Optimizing the Location and Use of Taxi/FHV Relief Stands

CUSP Students: Cheng Hou, Le Xu, Vishwajeet Shelar, and Yao Wan

CUSP Mentors: Kaan Ozbay and Huy Vo

USI Sponsor: NYC Taxi and Limousine Commission

There are over 100,000 licensed For-Hire Vehicles (FHVs) in NYC. The For-Hire industry is constantly growing with more vehicles going out on the road every day. An increase of vehicles on the road has led to more congestion on the road. Some drivers may take short breaks from work and inadvertently add to this congestion. In an effort better manage our curb space, Taxi/FHV relief stands have been implemented to give drivers a place to pull over and take a break. However, there are only 69 Taxi/FHV Relief Stands (TRSs) spread across NYC. This projects aims to provide an analysis on the effectiveness of existing relief stands and suggest locations for installing new Taxi/FHV relief stands.

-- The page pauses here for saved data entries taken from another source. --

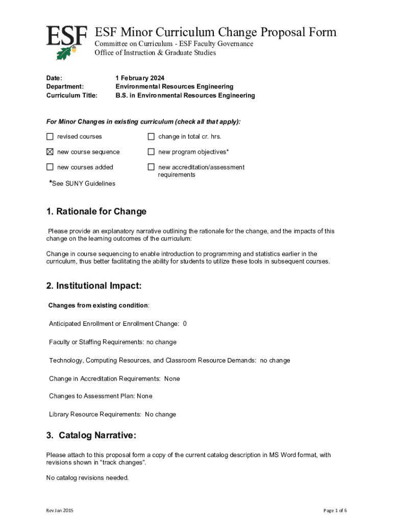 A proposal form for making minor changes in the existing curriculum of the Environmental Resources Engineering program at ESF, including adjustments in course sequencing and objectives to enhance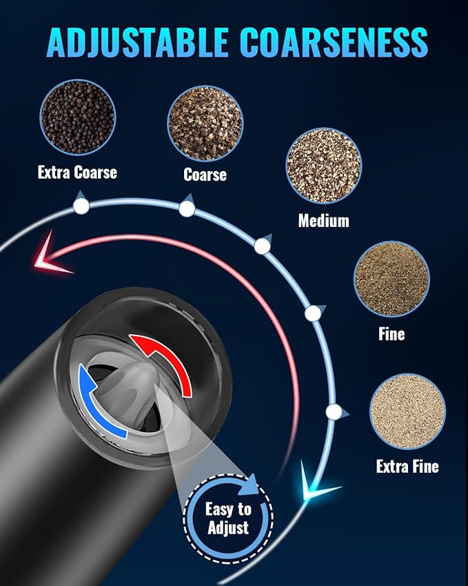 - 【USB Rechargeable】Upgraded electric pepper grinder with built-in rechargeable battery. Fast charging-full charge in one hour and can grind at least 100 grams of spice on a full charge. No need to spend extra money on batteries like other battery operated salt and pepper grinders.
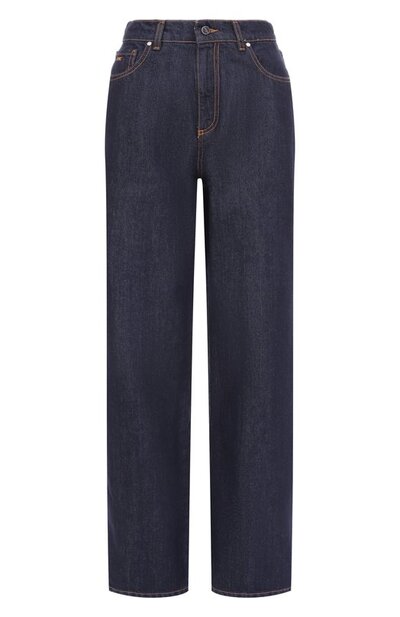 Джинсы с высокой посадкой украсили вышитыми литерами К на поясе и самом маленьком из пяти карманов. Для изготовления модели использовали жесткий хлопковый деним.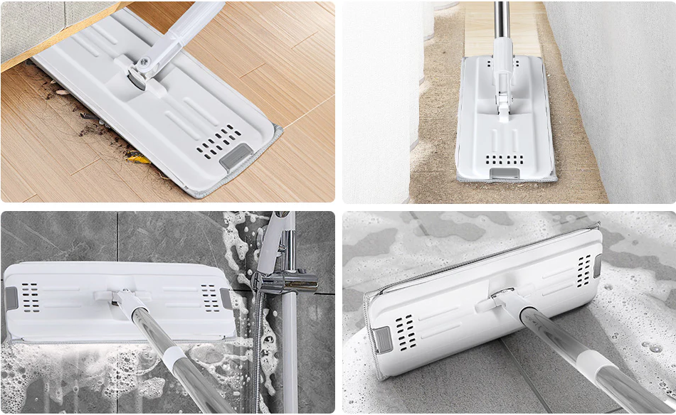 Grâce à son système 2 en 1 à double compartiment, le balai plat microfibre et son seau essoreur autonettoyant vous offrent un nettoyage rapide, sans effort et sans vous mouiller les mains. Avec ses serpillères lavables, sa tête rotative à 360° et son manche extra-long, il devient l’allié parfait pour une maison propre… sans mal de dos.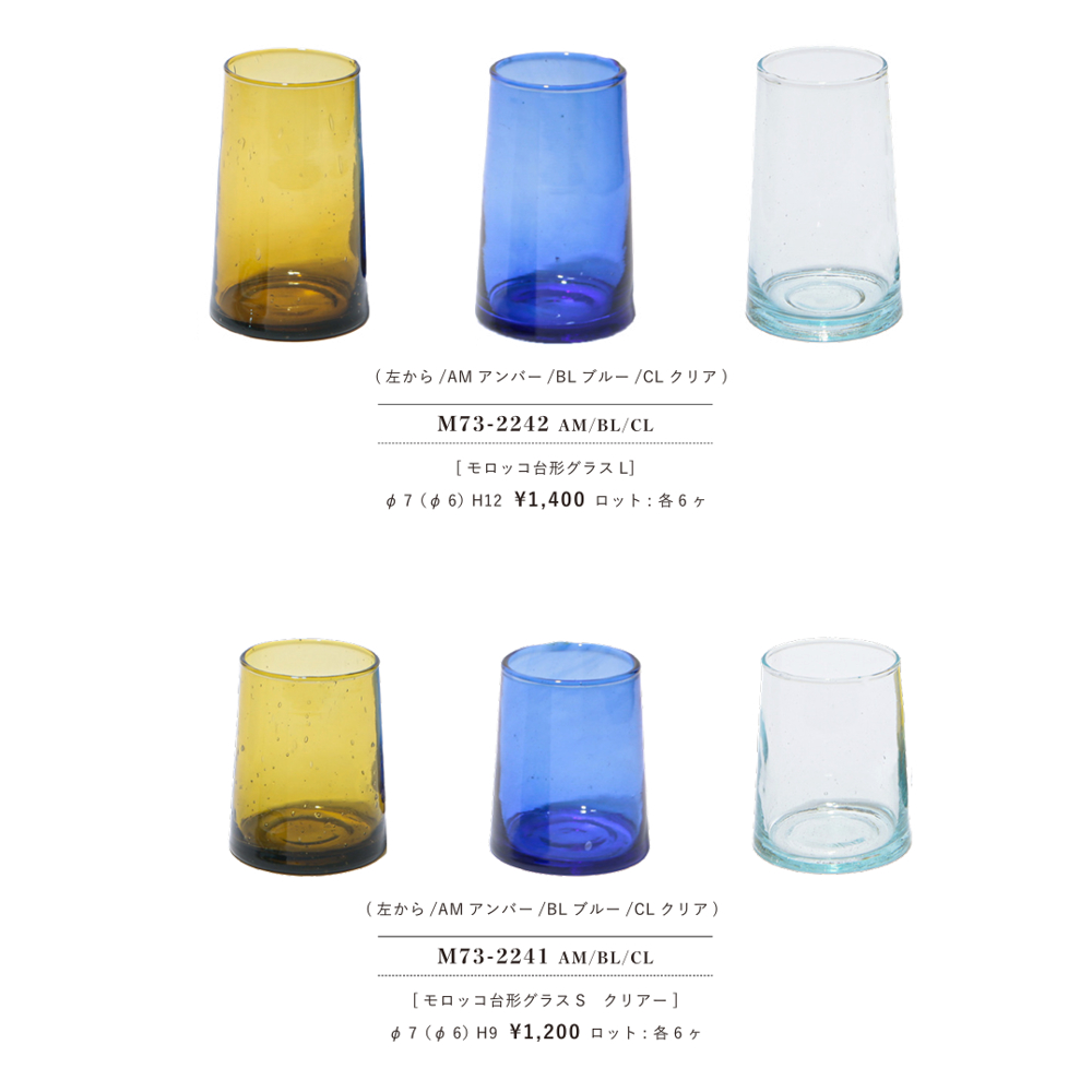 サイズ | 【M73-2242 モロッコ台形グラスL】Φ7(Φ6) H12 【M73-2241 モロッコ台形グラスS】Φ7(Φ6) H9 |

A model is developed to suggest new locations using two major datasets. One is the breadcrumb data and the other dataset is the taxi trip data. The total data size is about 30 GBs. The NYU High-Performance Hadoop Cluster is used to process this data. Breadcrumbs data records the coordinates of all the yellow and green taxis at every two minutes. This data is not openly available and it is authorized for CUSP students for certain taxi data related projects. The second dataset is the Taxi Trip data, which contains both taxi and FHVs trip records which are used to understand taxi demand within a certain geospatial unit (in our case a hexagonal zone). Additional datasets like public park toilets, food stands, food trucks and restaurants are used.

The final deliverable of the project is twofold. First is a descriptive analysis of the effectiveness of existing Taxi/FHV Relief Stands. The other is to provide a list of possible hexagonal zones where new Taxi/FHV Relief stands can be located.

Food Distribution Network Vulnerability

CUSP Students: Chenxi Cui, Patrick Gitundu, Kaylyn Levine, William Xia, and Xinshi Zheng

CUSP Mentor: Stan Sobolevsky

USI Sponsor: NYC Mayor’s Office of Recovery and Resiliency

This capstone project was conducted on behalf of the New York City Office of Recovery and Resiliency (ORR) to study the potential impacts of a disruption to the City’s food distribution network.  The ORR was created in response to Superstorm Sandy, which crippled much of the City: costing billions of dollars and damages and exposing many infrastructure vulnerabilities within it.  It is the ORR’s goal to mitigate a future catastrophic event, and to ensure that there is no need for emergency feeding on any level within the City.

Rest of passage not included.